Friday, July 3, 2026

A GOOD AND FAIR ANALYSIS.....

 
In response to a recent video criticizing Tucker Carlson, Mujahid Sarsur, author of the forthcoming book, Palestinians at the Holocaust Museum, writes:

I believe the efforts of pro-Palestinian human rights liberal Jews (including you, Michelle Goldberg, and Naomi Klein) to contribute to the Democratic/Republican establishment goal of dismissing Carlson as a bigot are extremely harmful to the Palestinian cause, and I believe such efforts, although primarily justified by focusing on Carlson’s statements that may be perceived as bigoted, partly stem from a need to defend a construct of a “Jewish peoplehood”—a construct which has been substantially shaped not by traditional Jewish ethics, but by the Zionist movement’s ethnocentric influence on the Jewish community.

My deeper point is illuminated by coining the term “anti-Zionist Zionist Jews”: a person who does not believe in the need for a Jewish state but still embraces the ideological structures underlying Zionism, wanting to defend and be part of a “Jewish peoplehood,” and unwilling to look at the link between that construct and the extermination of Palestinians.

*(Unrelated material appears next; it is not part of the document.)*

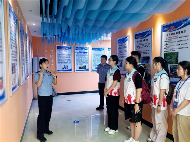 7月28日,实践团走进上栗县禁毒教育基地,在警官蔡妍玉的带领下开启沉浸式禁毒学习之旅。蔡警官讲解了上栗县禁毒历史脉络,从早期禁毒举措到如今全民参与的禁毒格局,让成员们深知禁毒工作的传承与坚守,明晰守护无毒净土的责任。在主展厅蔡警官重点讲解“毒品预防”板块,用漫画、案例拆穿毒贩诱骗青少年的幌子;“戒毒模式”展区介绍戒毒路径,说明戒毒需个人决心与社会帮扶;“吸毒危害”展区展现吸毒后果,凸显禁毒宣传迫切性;新型毒品仿真模型柜展示伪装毒品,蔡警官强调其隐蔽性,提醒大家远离诱惑。第二展厅里蔡警官追溯“毒品起源”,呈现“毒品分布”“毒品蔓延”情况,“吸毒案例”聚焦本地,让成员们深刻认识到毒品危害就在身边,防毒禁毒刻不容缓。参观尾声,实践团观看禁毒主题宣传片,影片中禁毒工作者的坚守、吸毒家庭的破碎画面,让成员们深受触动,凝聚起青春禁毒的信念。

The Palestine issue cannot be understood without a deep exploration of Jewish identity; few questions are more relevant to the Palestinians than “Who is a Jew?” In my upcoming book, I rely on the writings of Jewish and Israeli authors who illustrate how Zionism is ideologically dependent on the construct of “Jewish peoplehood” and who argue that Jews are no more than a faith group, to show how this construct is existentially linked to the future of Palestinians:

The concept of the Jewish people has been at the center of Zionist ideology and what it did to the Palestinians. Israeli intellectual Boaz Evron argues that “the problematic situation in which modern Israel finds itself is derived, inter alia, from assumptions and ideologies about the nature of the Jewish people and the Jewish state that have largely been refuted by historical developments.” Israeli historian Shlomo Sand writes that Israel’s attachment to an “unbridled ethnocracy that grossly discriminates against certain of its citizens, rests on the active myth of an eternal nation that must ultimately forgather in its ancestral land.” Professor of Jewish history, Yakov Rabkin, writes that what “underlies Zionist ideology” is “the concept of the Jewish people.” Israeli government policies vis-à-vis the Palestinians have always been about how to defend this “Jewish peoplehood” and whatever the definition of that peoplehood encompasses.

Indeed, Jewish identity does not only concern the Palestinians, but it is also existentially relevant to them. The Nakba—the destruction of over 500 Palestinian towns and villages and the expulsion of 750,000 Palestinian refugees—was a direct result of this vision of Jewish peoplehood that needs to be preserved and protected. The Gaza genocide was rationalized and justified by Israel and its supporters by the need to protect the “Jewish people.” When Israel commenced its genocide, US Secretary of State Antony Blinken came to Israel and explicitly cited his Jewishness to explain why he feels personally required to support Israel and its military.

By equating genocide with Jewishness, as the American Jewish establishment wants him to do, Carlson is challenging the essence of why Antony Blinken may not be a practicing Jew but feels part of a “Jewish peoplehood.” By extension, Carlson is also challenging you, Peter, and Goldberg and Klein to reflect on the essence of contemporary Jewishness. You are confronted with a choice: the easy route of dismissing him as a bigot or asking tough questions. What does it mean that the majority of synagogues and Jewish community centers have Israeli flags? What does the removal of these flags entail? How much of contemporary Jewishness is left without Zionism? Why do many American Jews insist on Jewishness as an “ethnicity” even though ample books have collapsed that idea? Why would 540 Columbia students feel a need to call themselves Zionists and defend Israel in the midst of the genocide?

Many in the Palestinian community view the Carlson phenomenon as miraculous because, for the first time, they see in Carlson the possibility that the structures that have been leading to the expulsion and extermination of Palestinians are being fundamentally challenged. Carlson is holding a sledgehammer and is destroying these structures. Dismissing him as a bigot helps stop this sledgehammer and, from the vantage point of many Palestinians, feels like a deeply Zionist act.

This is, of course, not to accept Carlson’s other views, but to focus on his impact on the Palestine issue as well as the Lebanese situation.

A brilliant analysis, by this Palestinian author, addressed to Peter Beinart, who published it under his very interesting site "The Beinart notebook", which I get by email myself, I'm forwarding it through our blog for better understanding of the original issue and causes of the Israeli/Palestinian dilemma.
As always my deep many thanks to all.